EXERCISE BRIEF:
Write every line below out again, exactly as given, but leave out the pictures.

==== INPUT DATA ====

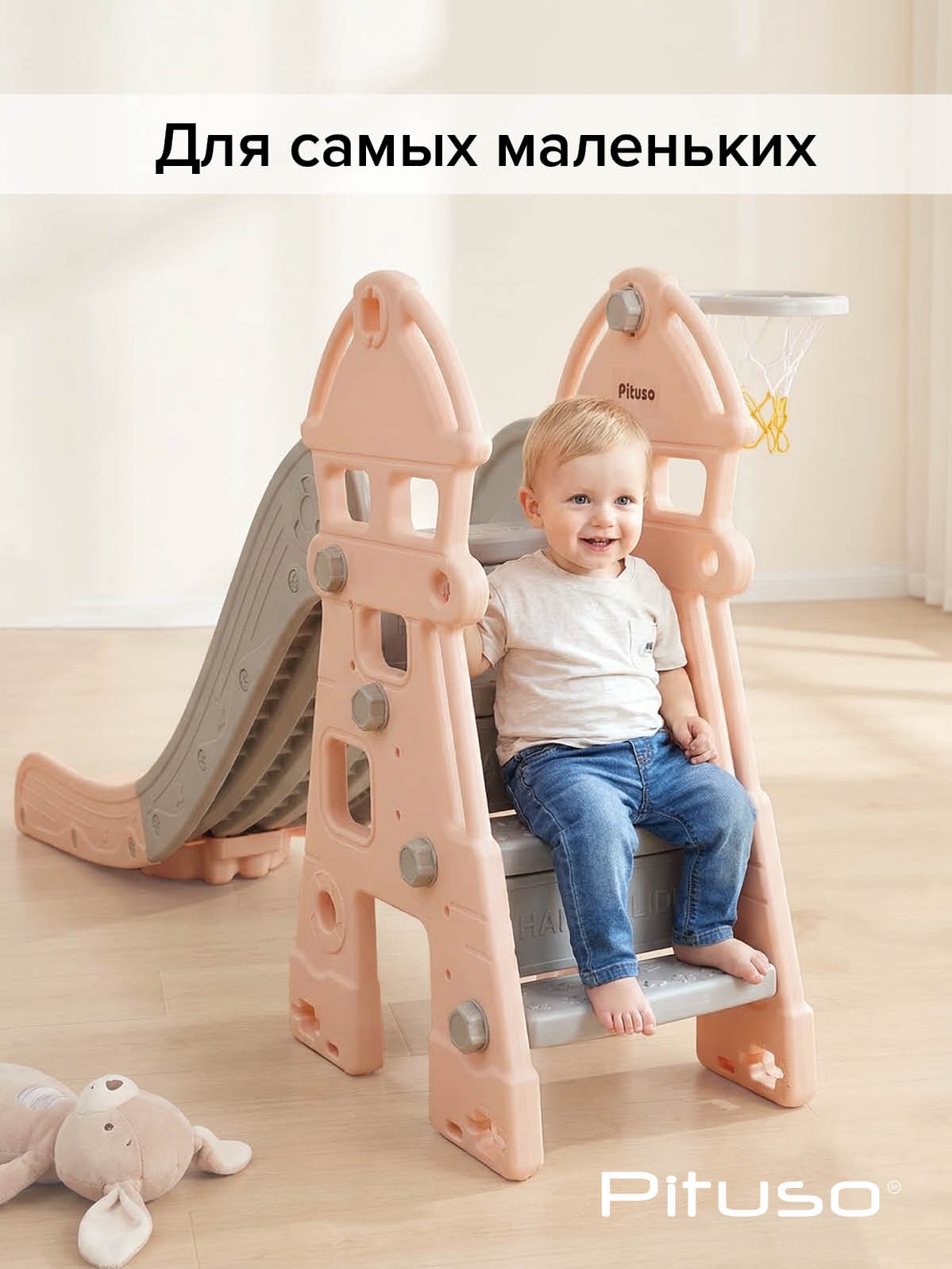 Купить детскую горку Pituso Замок с баскетбольным кольцом бежевую/серую в Москве
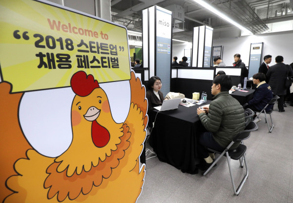 강남구 역삼동 팁스타운에서 굿게임즈, 우아한형제들, 바로고 등 49개 스타트업 업체가 참여한 ‘2018 스타트업 채용 페스티벌’이 개최됐다. 이날 페스티벌에서는 200여명 규모의 채용 면접과 채용부스, 채용설명회 등이 진행됐다. 사진은 채용부스에서 취업준비생들이 상담을 받고 있는 모습. (사진제공=강남구청)
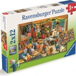 Objavte radosť a kúzlo Vianoc s krásnymi puzzlemi z továrne na hračky. Táto krabička obsahuje dve detské puzzle, každé s 12 dielikov, čo zaručuje rýchle a príjemné skladanie. Vďaka rozmerom cca 26 x 18 cm sa každé puzzle zmestí na malý stôl či hraciu plochu. Skvelý spôsob, ako zabaviť malé deti a priniesť im vianočnú náladu.
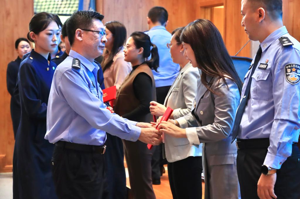本次活动以“法润青春,护航未来”为主题,会议分为两个阶段。在成立仪式环节,丰雷宣读《304am永利集团官网“枣安”青年志愿服务队成立工作方案》。徐枫为市公安局、学校指导教师代表颁发聘书。刘勇、丰雷共同为304am永利集团官网“枣安”青年志愿服务队授旗。

====

REPLY TO THE TASK:
 Купить детскую горку Pituso Замок с баскетбольным кольцом бежевую/серую в Москве
 강남구 역삼동 팁스타운에서 굿게임즈, 우아한형제들, 바로고 등 49개 스타트업 업체가 참여한 ‘2018 스타트업 채용 페스티벌’이 개최됐다. 이날 페스티벌에서는 200여명 규모의 채용 면접과 채용부스, 채용설명회 등이 진행됐다. 사진은 채용부스에서 취업준비생들이 상담을 받고 있는 모습. (사진제공=강남구청)
 Objavte radosť a kúzlo Vianoc s krásnymi puzzlemi z továrne na hračky. Táto krabička obsahuje dve detské puzzle, každé s 12 dielikov, čo zaručuje rýchle a príjemné skladanie. Vďaka rozmerom cca 26 x 18 cm sa každé puzzle zmestí na malý stôl či hraciu plochu. Skvelý spôsob, ako zabaviť malé deti a priniesť im vianočnú náladu.
本次活动以“法润青春,护航未来”为主题,会议分为两个阶段。在成立仪式环节,丰雷宣读《304am永利集团官网“枣安”青年志愿服务队成立工作方案》。徐枫为市公安局、学校指导教师代表颁发聘书。刘勇、丰雷共同为304am永利集团官网“枣安”青年志愿服务队授旗。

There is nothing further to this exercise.